Instructions for the task
A word-for-word retyping of the listing below is required, with the pictures dropped.

Supplied information
● ● ● ● ● ● ●

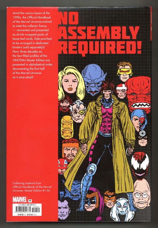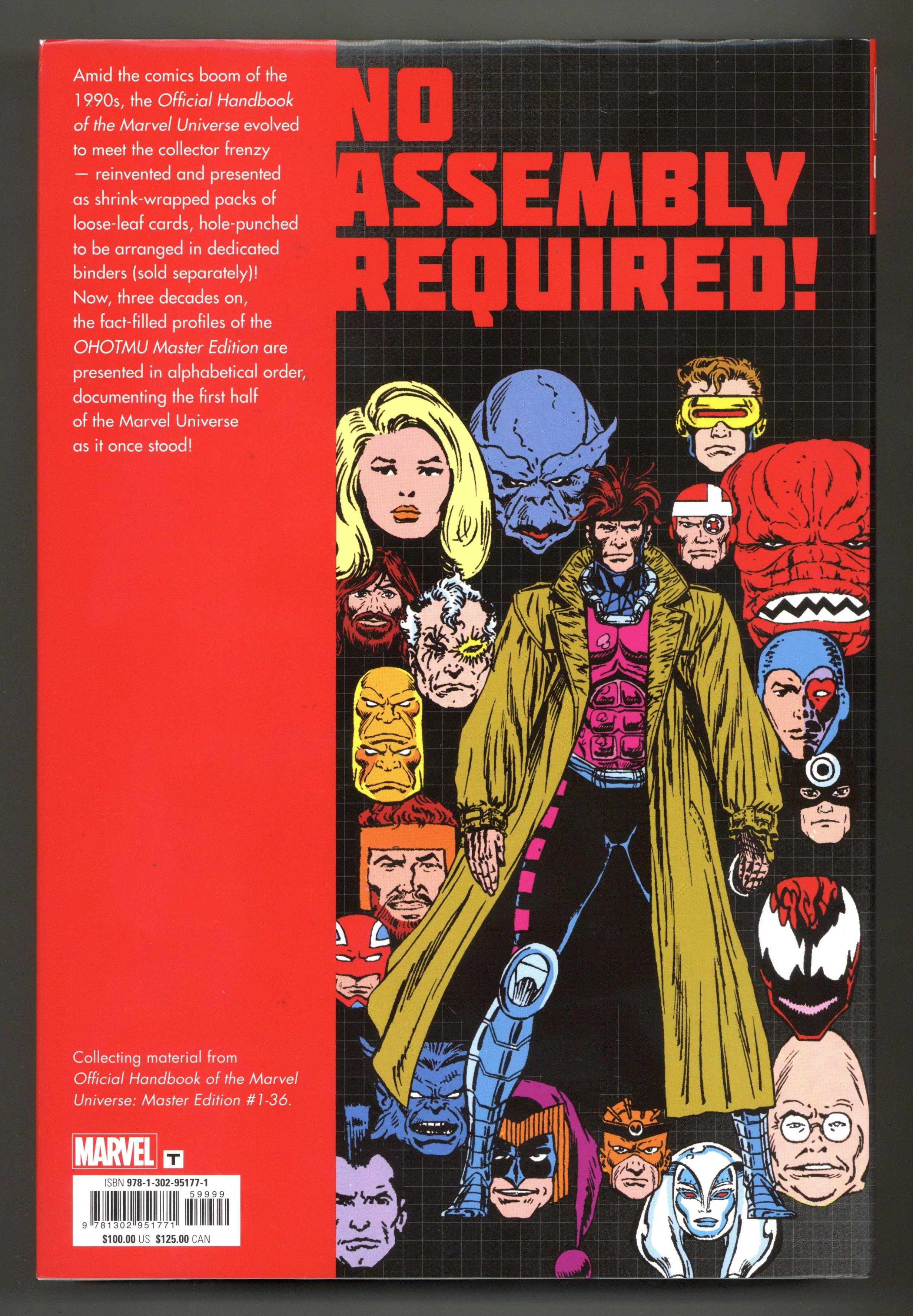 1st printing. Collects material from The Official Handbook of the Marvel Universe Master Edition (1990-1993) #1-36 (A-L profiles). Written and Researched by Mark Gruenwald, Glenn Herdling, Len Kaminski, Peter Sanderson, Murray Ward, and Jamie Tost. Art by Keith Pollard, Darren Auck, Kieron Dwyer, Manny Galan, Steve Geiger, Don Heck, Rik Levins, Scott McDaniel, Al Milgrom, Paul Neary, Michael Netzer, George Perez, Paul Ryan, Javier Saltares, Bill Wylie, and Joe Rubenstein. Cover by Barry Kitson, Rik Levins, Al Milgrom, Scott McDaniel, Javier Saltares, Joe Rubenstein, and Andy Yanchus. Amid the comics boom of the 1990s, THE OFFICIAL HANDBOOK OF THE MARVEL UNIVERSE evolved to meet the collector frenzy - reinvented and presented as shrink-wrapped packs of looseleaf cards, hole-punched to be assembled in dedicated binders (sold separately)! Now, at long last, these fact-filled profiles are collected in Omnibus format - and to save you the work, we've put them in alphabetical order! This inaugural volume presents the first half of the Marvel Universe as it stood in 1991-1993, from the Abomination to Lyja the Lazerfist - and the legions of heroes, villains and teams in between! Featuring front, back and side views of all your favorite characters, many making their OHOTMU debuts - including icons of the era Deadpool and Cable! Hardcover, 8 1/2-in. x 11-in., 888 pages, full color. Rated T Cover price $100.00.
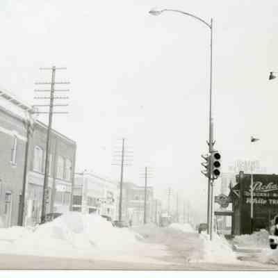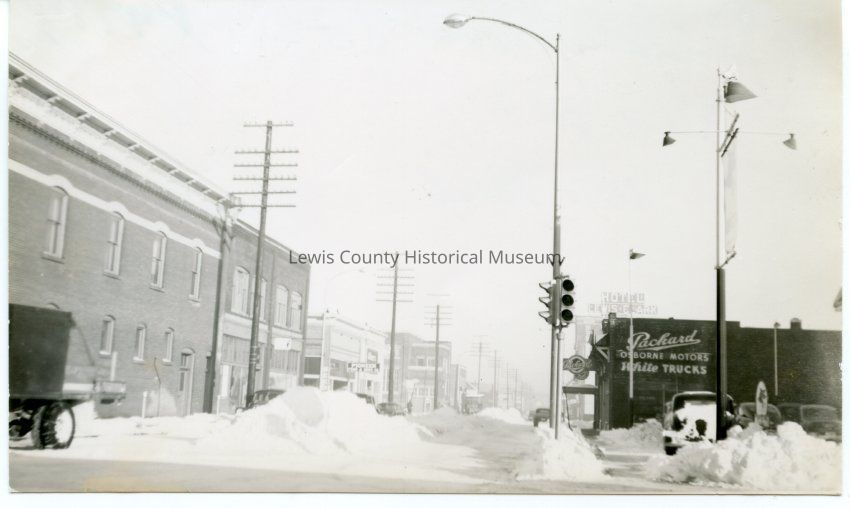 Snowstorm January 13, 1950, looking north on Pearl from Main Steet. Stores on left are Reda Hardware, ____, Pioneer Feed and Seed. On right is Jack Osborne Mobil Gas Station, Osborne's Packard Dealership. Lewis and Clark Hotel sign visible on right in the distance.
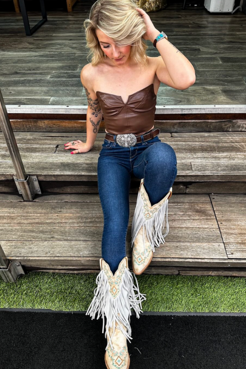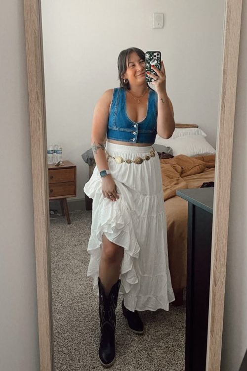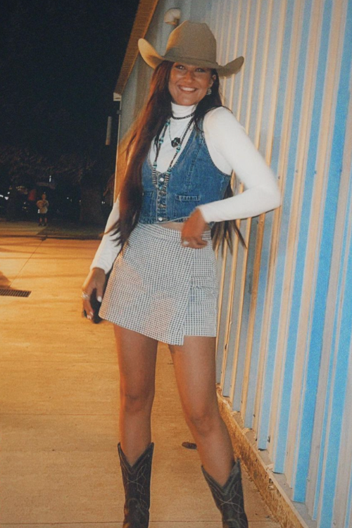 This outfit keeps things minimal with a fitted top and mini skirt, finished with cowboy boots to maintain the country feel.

● ● ● ● ● ● ●

Response
 1st printing. Collects material from The Official Handbook of the Marvel Universe Master Edition (1990-1993) #1-36 (A-L profiles). Written and Researched by Mark Gruenwald, Glenn Herdling, Len Kaminski, Peter Sanderson, Murray Ward, and Jamie Tost. Art by Keith Pollard, Darren Auck, Kieron Dwyer, Manny Galan, Steve Geiger, Don Heck, Rik Levins, Scott McDaniel, Al Milgrom, Paul Neary, Michael Netzer, George Perez, Paul Ryan, Javier Saltares, Bill Wylie, and Joe Rubenstein. Cover by Barry Kitson, Rik Levins, Al Milgrom, Scott McDaniel, Javier Saltares, Joe Rubenstein, and Andy Yanchus. Amid the comics boom of the 1990s, THE OFFICIAL HANDBOOK OF THE MARVEL UNIVERSE evolved to meet the collector frenzy - reinvented and presented as shrink-wrapped packs of looseleaf cards, hole-punched to be assembled in dedicated binders (sold separately)! Now, at long last, these fact-filled profiles are collected in Omnibus format - and to save you the work, we've put them in alphabetical order! This inaugural volume presents the first half of the Marvel Universe as it stood in 1991-1993, from the Abomination to Lyja the Lazerfist - and the legions of heroes, villains and teams in between! Featuring front, back and side views of all your favorite characters, many making their OHOTMU debuts - including icons of the era Deadpool and Cable! Hardcover, 8 1/2-in. x 11-in., 888 pages, full color. Rated T Cover price $100.00.
 Snowstorm January 13, 1950, looking north on Pearl from Main Steet. Stores on left are Reda Hardware, ____, Pioneer Feed and Seed. On right is Jack Osborne Mobil Gas Station, Osborne's Packard Dealership. Lewis and Clark Hotel sign visible on right in the distance.
 This outfit keeps things minimal with a fitted top and mini skirt, finished with cowboy boots to maintain the country feel.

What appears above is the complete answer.